Por Ângela Rodrigues

Os mais de 236 mil consumidores localizadas nos 22 municípios acreanos podem sofrer com um possível reajuste na conta de energia elétrica, que será anunciado pela Agência Nacional de Energia Elétrica (Aneel) ainda no final do mês de novembro e, se confirmado, será aplicado quase que instantaneamente: a partir do dia 1º de dezembro de 2015.

O reajuste tarifário, realizado anualmente, consiste em avaliar uma série de fatores que colaboraram ou não para a redução da tarifa da distribuidora, entre eles: os custos que a empresa teve com compra de energia, transmissão de energia e pagamento de encargos setoriais, entre outros.

Em contato com a Assessoria de Comunicação da companhia, a reportagem foi informada que não é possível definir qual será o percentual a ser aplicado e destacou que nem sempre a medida implica num aumento da tarifa.

Ao relembrar que no ano passado, na revisão tarifária anual, foi concedida uma redução no valor da tarifa, a empresa destacou que a definição de aumento ou redução é uma atribuição, exclusiva, da Aneel, que depois de conclusas uma série de requisito nas prestações de contas das companhias determina ou não o aumento.

“Qualquer notícia sobre aumento da tarifa de energia no Acre é encarada pela Eletrobras Acre como especulação, pois não somos nós que a definimos se haverá ou não reajuste. No ano passado, por exemplo, os consumidores residenciais (Classe B1), tiveram uma redução de – 16,87% (negativo) no valor da tarifa”, salientou.

Nos últimos cinco anos aumento foi de 20, 73% na tarifa de energia elétrica no Acre

Nos últimos cinco anos, a Aneel concedeu quatro aumentos e uma revisão àEletrobras Acre.
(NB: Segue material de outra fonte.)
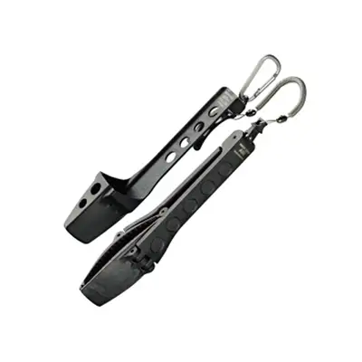 초경량 고강도 CFRP 소재 물고기 집게. 트리플 조인트 구조로 턱이 크게 벌어지며, 악어 이빨형 교호 치열(선단부)로 물고기를 단단히 홀드. 에어(공중) 캐치 시에도 안전. 미끄럼 방지 가공의 5개 돌출 사양으로 손가락에 밀착. 홀스터(231×48×45mm, 52g) 포함. 카라비너 D루프 대응, 안전 로프(최대 120cm) 포함.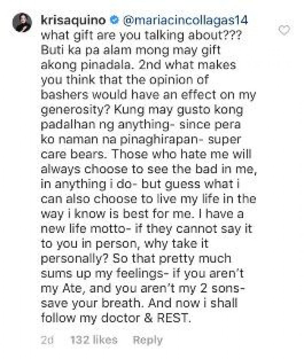 “What gift are you talking about??? Buti ka pa alam mong may gift akong pinadala,” ang sagot ni Kris sa komento ng nasabing netizen.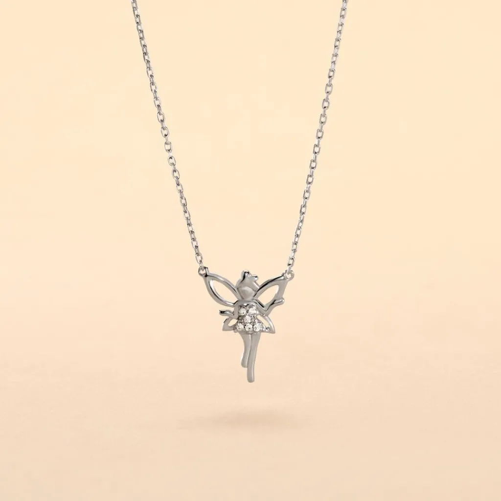Collier Or Blanc 375/1000 Fée Diamants 42cm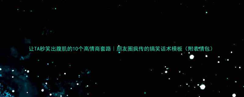 "让TA秒笑出腹肌的10个高情商套路|朋友圈疯传的搞笑话术模板(附表情包)"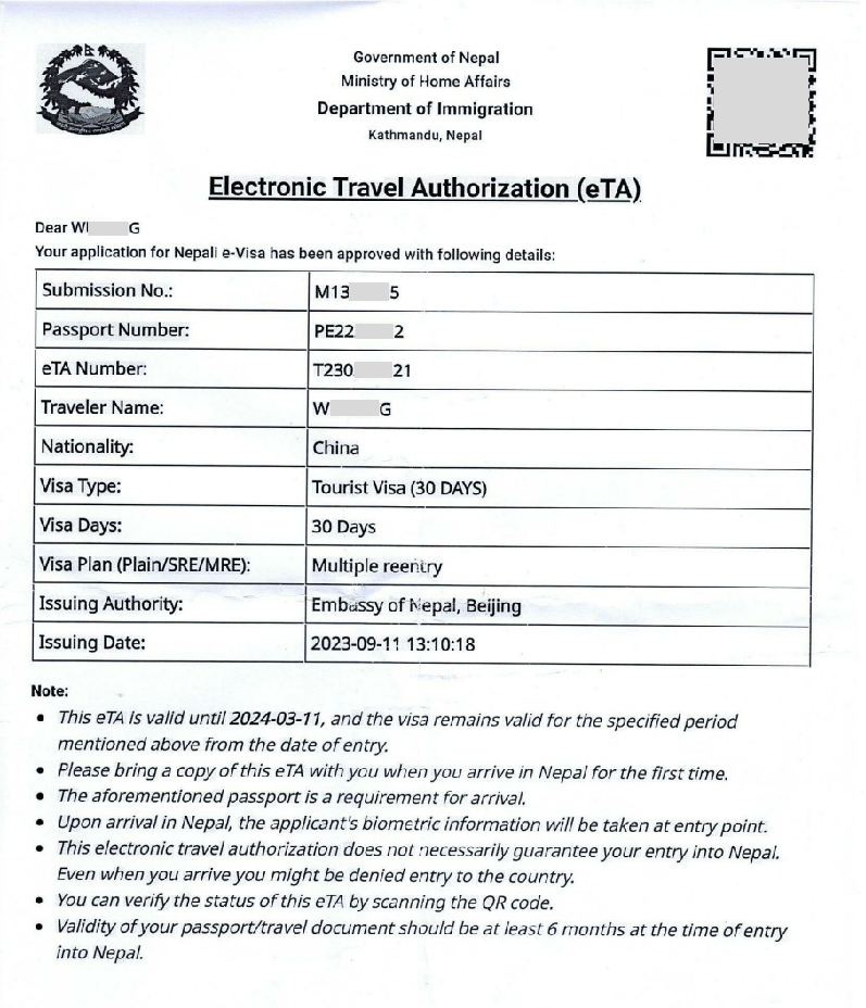 尼泊尔短期签证

De acordo com dados fornecidos pela empresa, no ano passado foi concedido uma redução de – 16,87% (negativo) no valor da tarifa. Em 2013, a agência reguladora concedeu uma redução de (-18,01), fruto de exigência por parte do Governo Federal em decorrência da renovação dos contratos de geração e transmissão.

Em 2010, concedeu a Eletrobras Acre um aumento de 13,80% nas contas. Em 2011 mais 5,41%. No ano seguinte (2012) mais 8,80% e outros 10,73% em novembro de 2013 com vigência até 29 de novembro de 2014, o que totaliza nos últimos quatro anos um aumento de 38,74% que deduzido da revisão de (-18,01%) representa um reajuste final de 20,71% na tarifa energética nos últimos quatro anos no Estado.

O que é o reajuste tarifário anual?
Segundo a agência reguladora (Aneel) o reajuste, aplicado anualmente, é um dos mecanismos de atualização do valor da energia paga pelo consumidor. O cálculo se dá de acordo com fórmula prevista no contrato de concessão assinado entre as empresas e o Governo brasileiro. Seu objetivo é manter o equilíbrio financeiro da concessionária, de modo que ela possa arcar com suas responsabilidades perante os consumidores. Para aplicação da fórmula de reajuste, são repassadas as variações dos custos de Parcela A, que são aqueles relacionados à compra de energia elétrica para atendimento de seu mercado, ao valor da transmissão dessa energia e aos encargos setoriais. Os custos com a atividade de distribuição, definidos como Parcela B, são corrigidos pelo Índice Geral de Preços ao Mercado (IGP-M), da Fundação Getúlio Vargas, reduzido do Fator X. Os itens de Parcela B são, basicamente, os custos operacionais das distribuidoras e os relacionados aos investimentos por esta realizados, como a quota de depreciação de seus ativos e a remuneração regulatória, valores que são fixados pela Aneel na época da revisão tarifária. O objetivo do Fator X é estimar ganhos potenciais de produtividade da atividade de distribuição e retirá-los da tarifa, em cada reajuste.